The music, too, remains in the city's blood. Go to cherished clubs like Tipitina's (501 Napoleon Avenue; 001 504 895 8477; tipitinas.com), the Maple Leaf (8316 Oak Street; 001 504 866 9359; mapleleafbar.com) and Snug Harbor (626 Frenchmen Street; 001 504 949 0696; snugjazz.com) and hear for yourself.
Even if you don't make it to Big Easy institutions like these, you'll hear jazz seep from under the doors of almost every club, bar and hotel in the French Quarter. And, since this is New Orleans, where the good times always roll, all of it will make you want to drain your daiquiri and dance.
The Mississippi Delta
Driving into the Delta is a stirring experience for anyone who loves the blues. Cotton fields reach to the horizon, the road shimmers under the Mississippi sun, and every lonely crossroads evokes the names of some of the greatest musicians ever to emerge from America: Charley Patton, Robert Johnson, Muddy Waters, Howlin' Wolf, John Lee Hooker, and many more. The Delta Blues Museum (1 Blues Alley; 001 662 627 6820; deltabluesmuseum.org) in Clarksdale brilliantly reveals how music which would reach around the world emerged from a particular time and place.

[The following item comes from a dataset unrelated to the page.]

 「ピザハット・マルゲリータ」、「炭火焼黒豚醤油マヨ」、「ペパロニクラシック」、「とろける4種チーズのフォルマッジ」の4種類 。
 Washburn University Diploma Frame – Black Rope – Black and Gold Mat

Blues was always music to dance to, a way to forget your troubles in a dusty juke joint on a Saturday night. Some juke-joints still operate, but they are few. Po' Monkey's, just outside Merigold (there's no address, it's in a cotton field, ask around) has been open since 1963 and remains one of the most loved.
Memphis In Memphis, blues, country and gospel music fused to form rock '*' roll. Much of the musical experimentation took place in the bars and clubs of Beale Street – and in church – but the most potent alchemy took place in a one-room recording studio. Sam Phillips, founder of Sun Records, discovered a truly astonishing roster of talent: BB King, Jerry Lee Lewis, Johnny Cash and – most famously – Elvis Presley. Most towns of half a million or so people could only dream of finding so much talent but somehow, Memphis did it twice.

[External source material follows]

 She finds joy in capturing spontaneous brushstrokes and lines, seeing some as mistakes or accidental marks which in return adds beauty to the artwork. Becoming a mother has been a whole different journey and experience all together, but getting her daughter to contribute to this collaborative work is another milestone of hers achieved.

Jim Stewart and Estelle Axton opened their soul label, Stax Records (first called Satellite), in the old Capitol Theater in 1959 and over the next decade recorded the likes of Otis Redding, Isaac Hayes and Booker T & the MGs. The Stax Museum of American Soul Music (926 E McLemore Avenue; 001 901 942 2535; staxmuseum.com) offers an imaginative introduction to music which reached far beyond America.